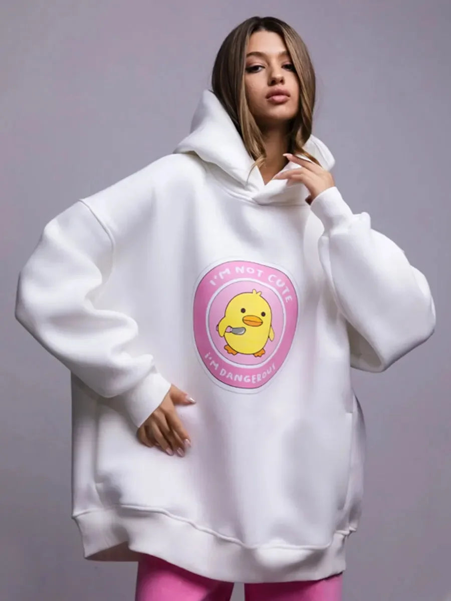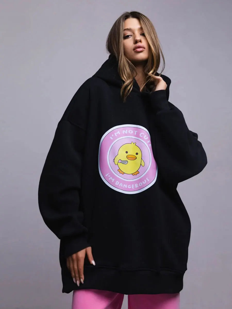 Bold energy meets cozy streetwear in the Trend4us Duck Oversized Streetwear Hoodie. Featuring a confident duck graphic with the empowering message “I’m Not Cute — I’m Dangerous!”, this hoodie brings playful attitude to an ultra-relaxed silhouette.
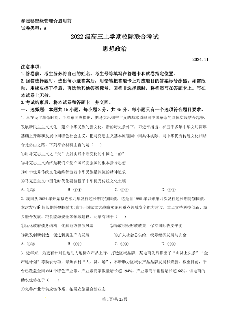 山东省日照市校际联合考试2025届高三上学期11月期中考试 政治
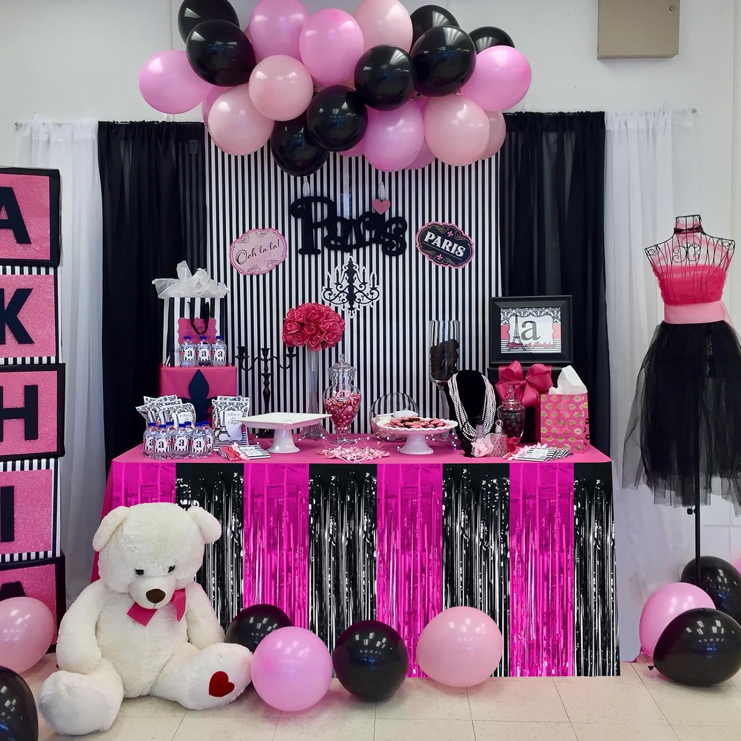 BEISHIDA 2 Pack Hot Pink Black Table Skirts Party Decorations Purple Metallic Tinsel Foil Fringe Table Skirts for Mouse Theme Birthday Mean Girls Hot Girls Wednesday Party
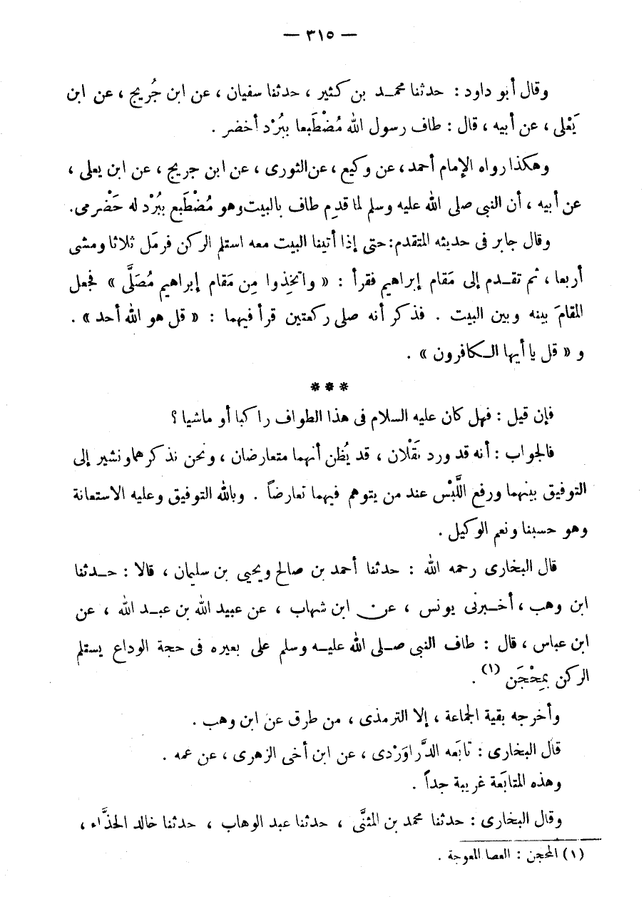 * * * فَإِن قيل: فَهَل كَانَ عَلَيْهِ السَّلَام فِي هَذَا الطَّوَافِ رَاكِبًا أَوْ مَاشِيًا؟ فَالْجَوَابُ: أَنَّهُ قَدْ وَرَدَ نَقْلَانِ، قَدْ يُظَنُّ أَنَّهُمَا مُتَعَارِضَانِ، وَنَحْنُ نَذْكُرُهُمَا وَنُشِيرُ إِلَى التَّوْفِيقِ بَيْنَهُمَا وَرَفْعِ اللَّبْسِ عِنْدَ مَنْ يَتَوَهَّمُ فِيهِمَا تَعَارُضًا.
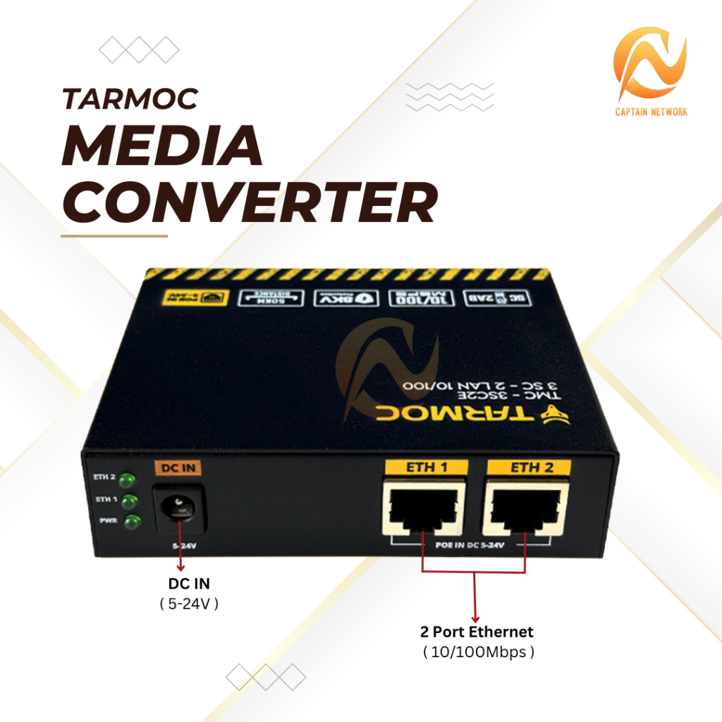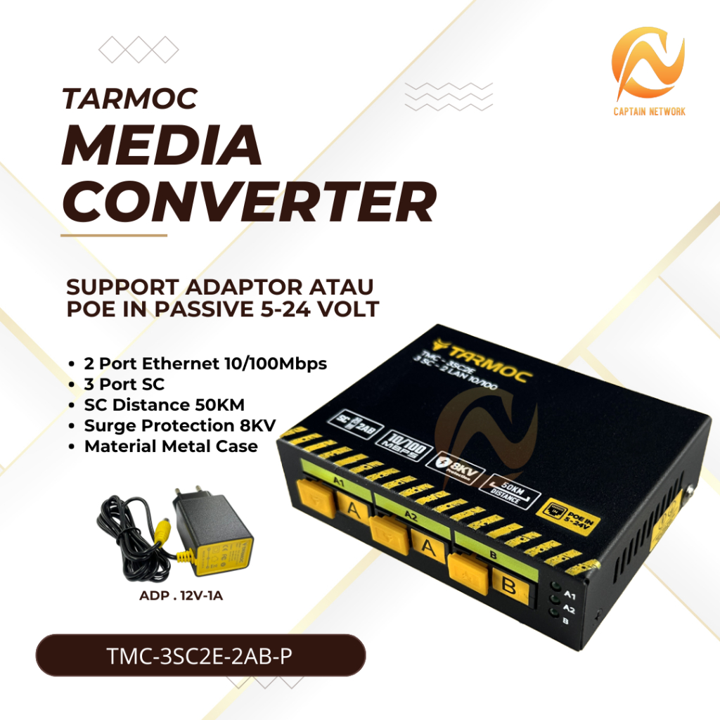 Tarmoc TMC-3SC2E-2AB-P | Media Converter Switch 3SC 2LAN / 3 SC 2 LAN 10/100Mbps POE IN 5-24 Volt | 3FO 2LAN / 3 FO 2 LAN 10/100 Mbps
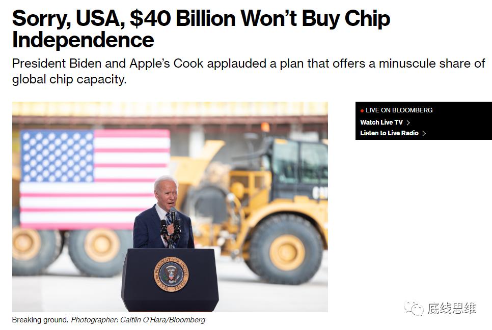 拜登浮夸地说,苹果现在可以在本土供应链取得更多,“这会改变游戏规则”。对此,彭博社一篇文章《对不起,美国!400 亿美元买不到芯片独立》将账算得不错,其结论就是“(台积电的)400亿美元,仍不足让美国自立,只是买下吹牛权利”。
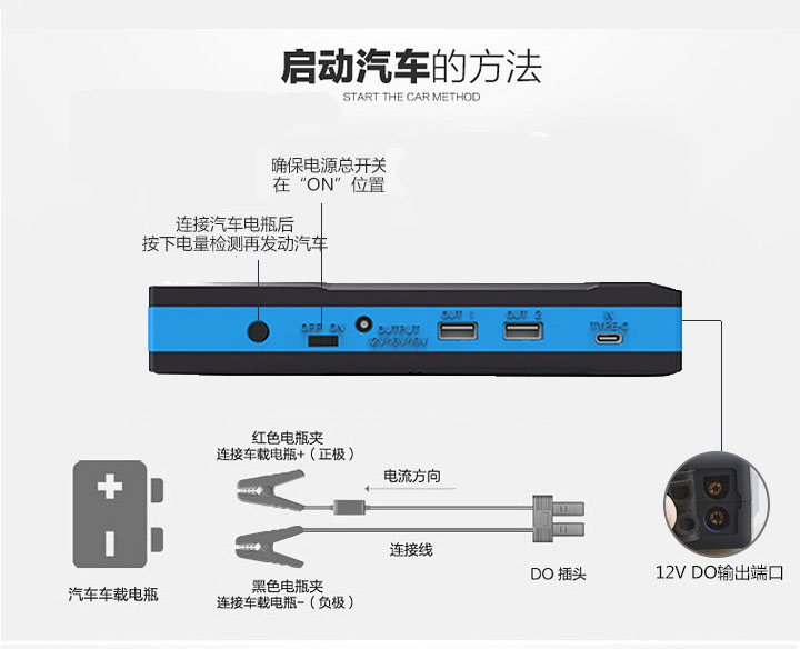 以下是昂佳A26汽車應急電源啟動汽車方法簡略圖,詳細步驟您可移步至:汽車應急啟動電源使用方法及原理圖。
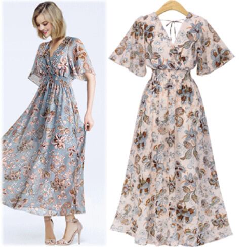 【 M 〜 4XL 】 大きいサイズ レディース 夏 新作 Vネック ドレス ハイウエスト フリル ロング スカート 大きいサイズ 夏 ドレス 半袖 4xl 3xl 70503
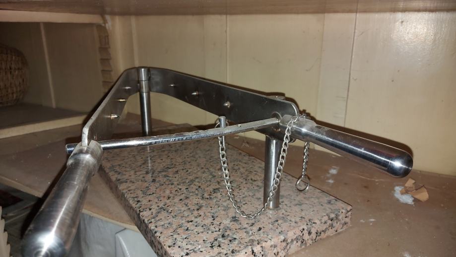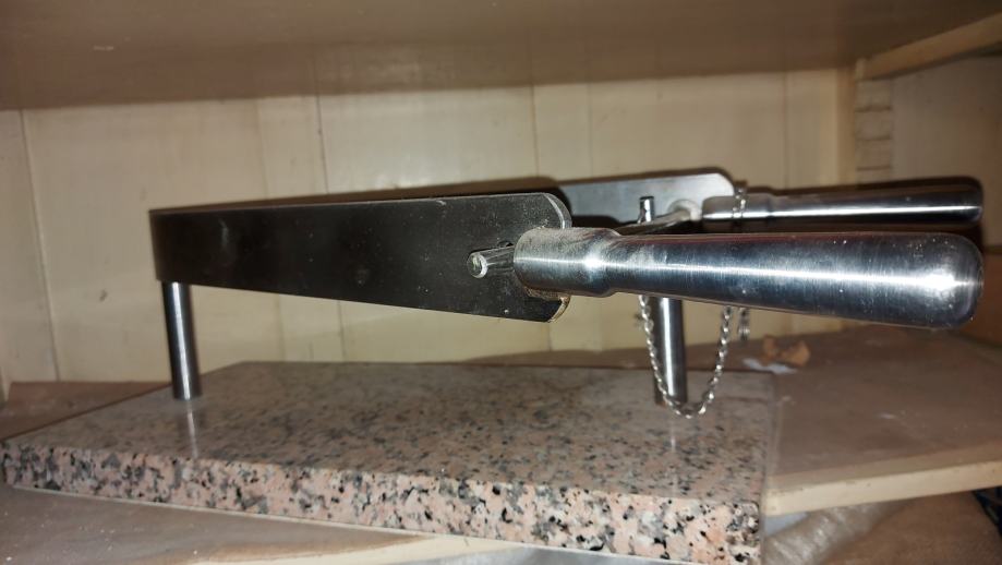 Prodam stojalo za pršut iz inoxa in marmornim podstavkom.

========

The expected result is the data above in exact form, free of pictures.

TASK OUTPUT:
 Bold energy meets cozy streetwear in the Trend4us Duck Oversized Streetwear Hoodie. Featuring a confident duck graphic with the empowering message “I’m Not Cute — I’m Dangerous!”, this hoodie brings playful attitude to an ultra-relaxed silhouette.
 山东省日照市校际联合考试2025届高三上学期11月期中考试 政治
 BEISHIDA 2 Pack Hot Pink Black Table Skirts Party Decorations Purple Metallic Tinsel Foil Fringe Table Skirts for Mouse Theme Birthday Mean Girls Hot Girls Wednesday Party
 * * * فَإِن قيل: فَهَل كَانَ عَلَيْهِ السَّلَام فِي هَذَا الطَّوَافِ رَاكِبًا أَوْ مَاشِيًا؟ فَالْجَوَابُ: أَنَّهُ قَدْ وَرَدَ نَقْلَانِ، قَدْ يُظَنُّ أَنَّهُمَا مُتَعَارِضَانِ، وَنَحْنُ نَذْكُرُهُمَا وَنُشِيرُ إِلَى التَّوْفِيقِ بَيْنَهُمَا وَرَفْعِ اللَّبْسِ عِنْدَ مَنْ يَتَوَهَّمُ فِيهِمَا تَعَارُضًا.
 Tarmoc TMC-3SC2E-2AB-P | Media Converter Switch 3SC 2LAN / 3 SC 2 LAN 10/100Mbps POE IN 5-24 Volt | 3FO 2LAN / 3 FO 2 LAN 10/100 Mbps
 拜登浮夸地说,苹果现在可以在本土供应链取得更多,“这会改变游戏规则”。对此,彭博社一篇文章《对不起,美国!400 亿美元买不到芯片独立》将账算得不错,其结论就是“(台积电的)400亿美元,仍不足让美国自立,只是买下吹牛权利”。
 以下是昂佳A26汽車應急電源啟動汽車方法簡略圖,詳細步驟您可移步至:汽車應急啟動電源使用方法及原理圖。
 【 M 〜 4XL 】 大きいサイズ レディース 夏 新作 Vネック ドレス ハイウエスト フリル ロング スカート 大きいサイズ 夏 ドレス 半袖 4xl 3xl 70503
 Prodam stojalo za pršut iz inoxa in marmornim podstavkom.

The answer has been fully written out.